"Freikirchen und Politik - eine Standortbeschreibung“ lautete das Thema der Herbsttagung des Vereins für Freikirchenforschung, zu der 40 Interessenten ins Bergheim Mühlenrahmede der Siebenten-Tags-Adventisten nach Altena kamen. Der Vereinsvorsitzende, Professor Dr. Erich Geldbach, Universität Bochum, stellte in seiner Einführung zur Thematik die Frage, inwieweit Freikirchen öffentlichkeitsirrelevant seien. Er kam zu dem Ergebnis, dass Freikirchen zuerst durch vielfältige Formen der Diskriminierung und Ausgrenzung seitens der grossen Kirchen irrelevant gemacht worden seien, dann sich aber auch selbst isoliert hätten. Dennoch habe es immer wieder einzelne herausragende Persönlichkeiten und Aktionskreise gegeben, die sich politisch eingemischt hätten. Walter Bromba, Kommunalpolitiker der Grünen in Frankfurt/Main, berichtete sehr persönlich von seinen Erfahrungen als Adventist in der Politik. Er plädierte für eine Einmischung in kommunale Angelegenheiten, denn die Durchsetzung der Grundrechte fänden vor Ort statt. Zudem könnten freikirchliche Gruppen nicht erwarten, wahrgenommen zu werden, wenn sie nicht bereits im Vorfeld wichtiger Entscheidungen Lobbyarbeit betrieben.
Die Kirchenhistorikerin des Bundes Freier evangelischer Gemeinden in Kristiansand/Norwegen, Dr. Ingunn Breistein, gab einen Einblick in die Entwicklung der Religionsfreiheit und der Freikirchen in Norwegen während der letzten 150 Jahre. Dabei habe sich der Staat und mit ihm die lutherische Staatskirche lange Zeit als äusserst reformresistent gezeigt. Erst 1969 sei es beispielsweise Freikirchlern möglich gewesen, in den Staatsdienst als Postbote oder Lehrer aufgenommen zu werden. Bis dahin habe es de facto keine Religionsfreiheit in Norwegen gegeben. Johannes Hartlapp, Dozent an der Theologischen Hochschule der Siebenten-Tags-Adventisten in Friedensau bei Magdeburg, berichtete von Kompromissen, die Adventisten im Ersten Weltkrieg wegen des Militärdienstes eingingen. In der Aussprache wurde deutlich, dass diese Fallstudie zahlreiche Parallelen zur politischen Haltung anderer Freikirchen biete. Es sei reagiert worden, statt zu agieren. Das eigene Bestehen schien wichtiger als Zivilcourage. In Krisenzeiten habe man sich auf die Rettung von Seelen beschränkt und sei dem akuten Konflikt aus dem Weg gegangen.

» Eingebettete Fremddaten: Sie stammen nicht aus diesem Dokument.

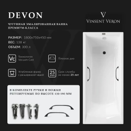 Ванна чугунная Vinsent Veron Devon VDV1807545H/VH0012BL 180x75 см, с ручками, белый
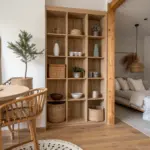 - Decorative Woven Storage Baskets: Keep clutter hidden on lower shelves while adding texture to your room divider with these natural baskets.

Carl Ordnung zeigte am Beispiel des Arbeitskreises Evangelisch-methodistischer Christen in der DDR, in welchen Konflikten Christen in der DDR versucht hätten, politisch relevant zu sein. Dr. Dietmar Lütz, Vertreter der Vereinigung Evangelischer Freikirchen (VEF) am Sitz der Bundesregierung, sprach über den Wertewandel in der Politik. Die Politiker hofften auf Menschen, die Werte verkörperten und sich mutig einmischten. Allerdings bedürfe es verschiedener Faktoren, um sich einmischen zu können: Etwa der Fähigkeit zum ethischen Kompromiss, einer positiven Weltsicht und Willigkeit zur Zusammenarbeit mit anderen Gruppen. Die in Altena gehaltenen Referate werden im Jahrbuch 2004 des Vereins für Freikirchenforschung veröffentlicht.